Re: [PATCH 0/6] Compute and consume generation numbers

Derrick Stolee <stolee@xxxxxxxxx> · Wed, 11 Apr 2018 15:58:27 -0400

On 4/11/2018 3:32 PM, Jakub Narebski wrote:
What would you suggest as a good test that could imply performance? The
Google Colab notebook linked to above includes a function to count
number of commits (nodes / vertices in the commit graph) walked,
currently in the worst case scenario.

The two main questions to consider are:

1. Can X reach Y?
2. What is the set of merge-bases between X and Y?

And the thing to measure is a commit count. If possible, it would be 
good to count commits walked (commits whose parent list is enumerated) 
and commits inspected (commits that were listed as a parent of some 
walked commit). Walked commits require a commit parse -- albeit from the 
commit-graph instead of the ODB now -- while inspected commits only 
check the in-memory cache.

For git.git and Linux, I like to use the release tags as tests. They 
provide a realistic view of the linear history, and maintenance releases 
have their own history from the major releases.

I have tried finding number of false positives for level (generation
number) filter and for FELINE index, and number of false negatives for
min-post intervals in the spanning tree (for DFS tree) for 10000
randomly selected pairs of commits... but I don't think this is a good
benchmark.

What is a false-positive?

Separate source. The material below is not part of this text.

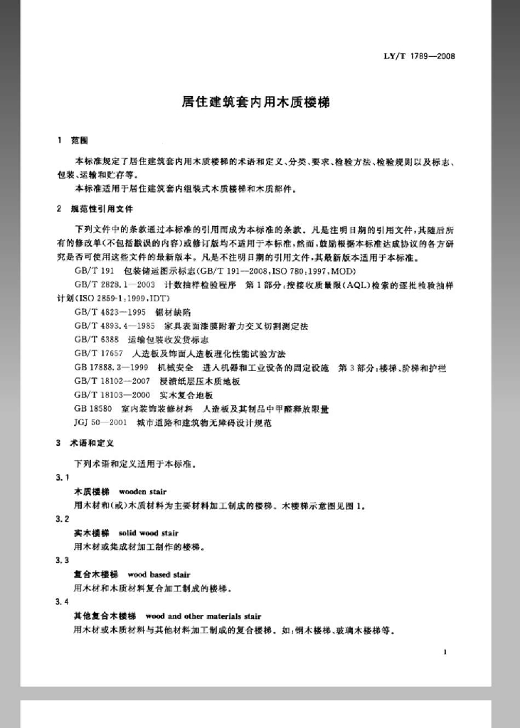 LY/T 1789-2008 居住建筑套内用木质楼梯

A case where gen(X) < gen(Y) but Y cannot 
reach X? I do not think that is a great benchmark, but I guess it is 
something to measure.

I Linux kernel sources (https://git.kernel.org/pub/scm/linux/kernel/git/torvalds/linux.git)
that has 750832 nodes and 811733 edges, and 563747941392 possible
directed pairs, we have for 10000 randomly selected pairs of commits:

   level-filter has    91 =  0.91% [all] false positives
   FELINE index has    78 =  0.78% [all] false positives
   FELINE index has 1.16667 less false positives than level filter

   min-post spanning-tree intervals has  3641 = 36.41% [all] false
   negatives

Perhaps something you can do instead of sampling from N^2 commits in 
total is to select a pair of generations (say, G = 20000, G' = 20100) or 
regions of generations ( 20000 <= G <= 20050, 20100 <= G' <= 20150) and 
see how many false positives you see by testing all pairs (one from each 
level). The delta between the generations may need to be smaller to 
actually have a large proportion of unreachable pairs. Try different 
levels, since major version releases tend to "pinch" the commit graph to 
a common history.

For git.git repository (https://github.com/git/git.git) that has 52950
nodes and 65887 edges the numbers are slighly more in FELINE index
favor (also out of 10000 random pairs):

   level-filter has   504 =  9.11% false positives
   FELINE index has   125 =  2.26% false positives
   FELINE index has 4.032 less false positives than level filter

This is for FELINE which does not use level / generatio-numbers filter.

Thanks,
-Stolee